Lentil pilaf (I like regular rice pilaf, too-- brown some crushed up pasta or orzo, add rice and stock and cook until the water is absorbed)
Lentils in general
Soups with bread and/or salad
Salads!
You can kind of squish any kind of bean or vegetable into a patty and then fry it.

Corn starch slurry is a good substitute for eggs in baked (or fried) goods. Pretty much any recipe can be adapted this way, I make chocolate chip cookies. :)

I do eggplant cutlets by slicing the eggplant, salt/drain, dredge in flour and cornstarch slurry, and then cover in breadcrumbs and fry.

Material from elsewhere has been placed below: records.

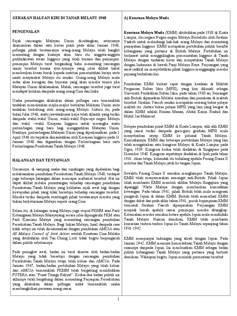 Gerakan Haluan Kiri Di Tanah Melayu 1948 Nota Kecil 2
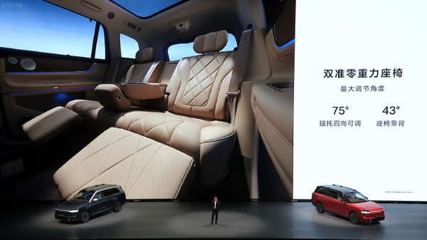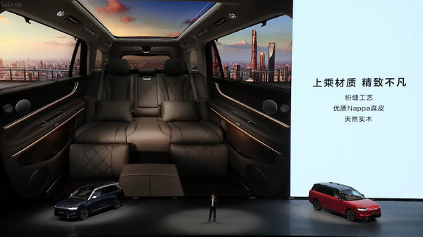 而在配置方面,五座版车型也基本都拉满了。其采用一体式中央储物区,同样提供了女王副驾,NAPPA真皮座椅,澳洲进口羊毛地毯,全系标配舒云座椅,扶手放下即变豪华大四座,双准零重力座椅,前后排都支持无线与优先快充,支持双人沙滩椅模式,大五座后备箱深度接近1.2m,宽度超过1.2m,加捻簇绒材质,标配双滑轨,支持多功能装载托盘,铝合金行李限位器,1043L超大容积后备箱,定制竞品储物箱,全新山海坐席,后备箱双暗格。
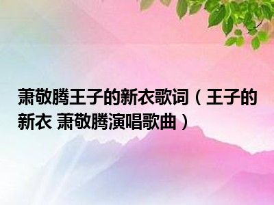导读 目前是有很多朋友们对于王子的新衣 萧敬腾演唱歌曲这个信息比较感兴趣,那么小编也是收集了一些王子的新衣 萧敬腾演唱歌曲相关的信息来分
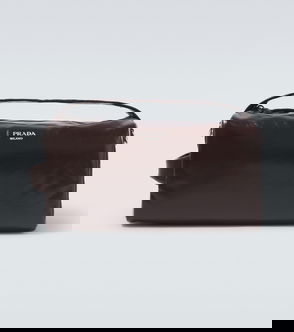 Zip fastening. Detachable, adjustable nylon and leather shoulder strap, ring on the shoulder strap for keyring trick, enamelled metal triangle logo on the front, all-over crosshatch texture, waxed finish, one main interior compartment, card slot to the interior, logo-print Re-Nylon lining.
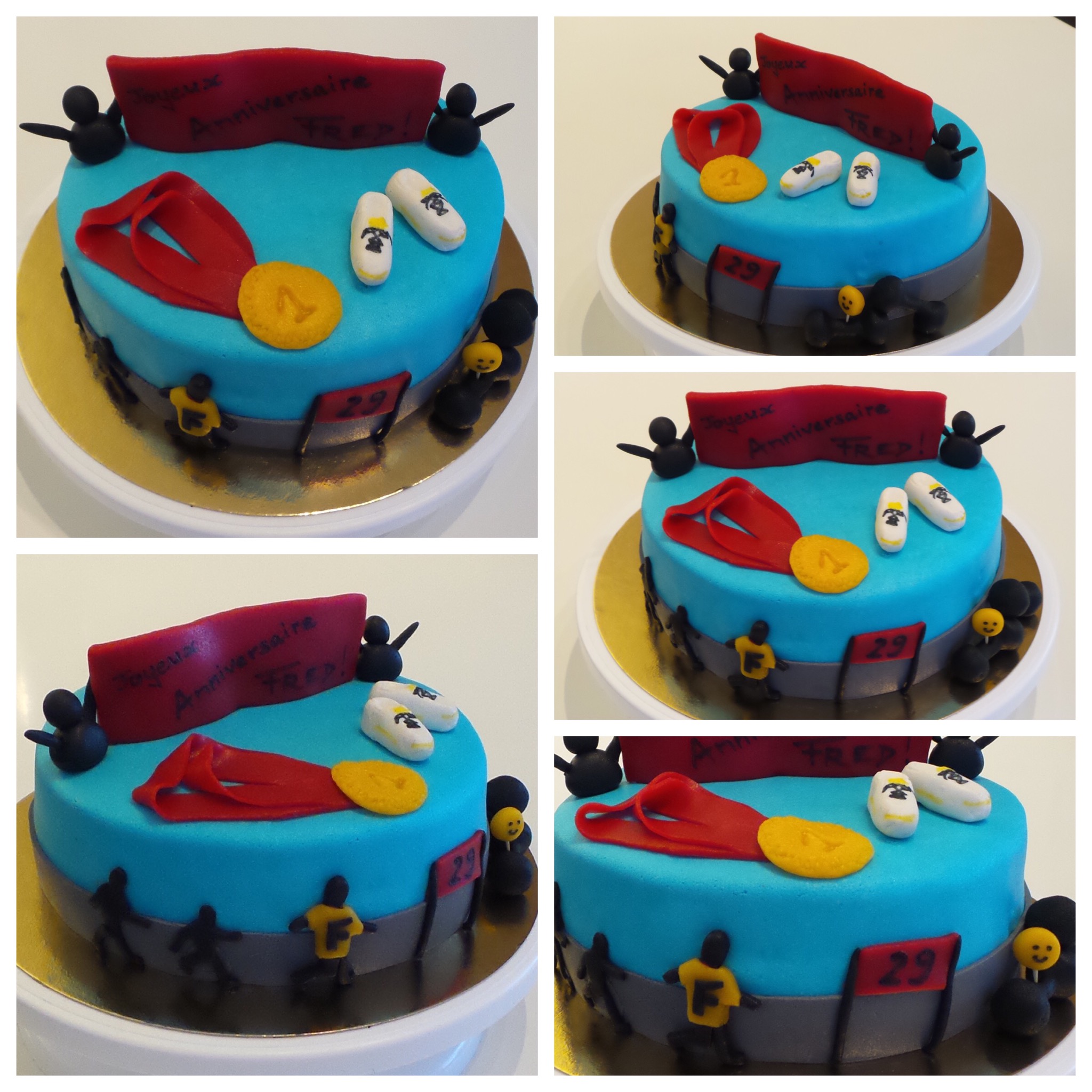 J’ai donc préparé un disque en pâte à sucre que j’ai décoré à l’aérographe (le fameux) et je lui ai fait faire 1500km dans une belle boîte pour n’avoir qu’à le poser sur le gâteau le jour J !

If you have an Aldi near you, most of their meat substitutes are vegan. They also kind of taste like crap so you don't have to worry about the "well if I'm enjoying a substitute am I fasting" school of thought. Sometimes I run out of ideas and we have "chicken" and mashed potatoes or whatever.

They also had frozen falafel recently that was really good-- or you can make your own.

I usually end up eating veggie wraps a lot. I can't eat seafood (hives) but I'll make shrimp or other seafood for my husband. His mom would make tilapia or pasta and he's more resistant as an adult, but he likes my dinners (and I'm not about to police what he eats or doesn't eat)

My favorite Lenten cookbook

 

Ah_Tibor

Kingfisher
Woman
Orthodox
Also, don't underestimate pasta! Pasta with beans, peppers, or mushrooms. :)

Potatoes and mushrooms are always a good combination.

I end up eating salad and fries when we're out sometimes. Although I do that anyway (my dinner at work the other day)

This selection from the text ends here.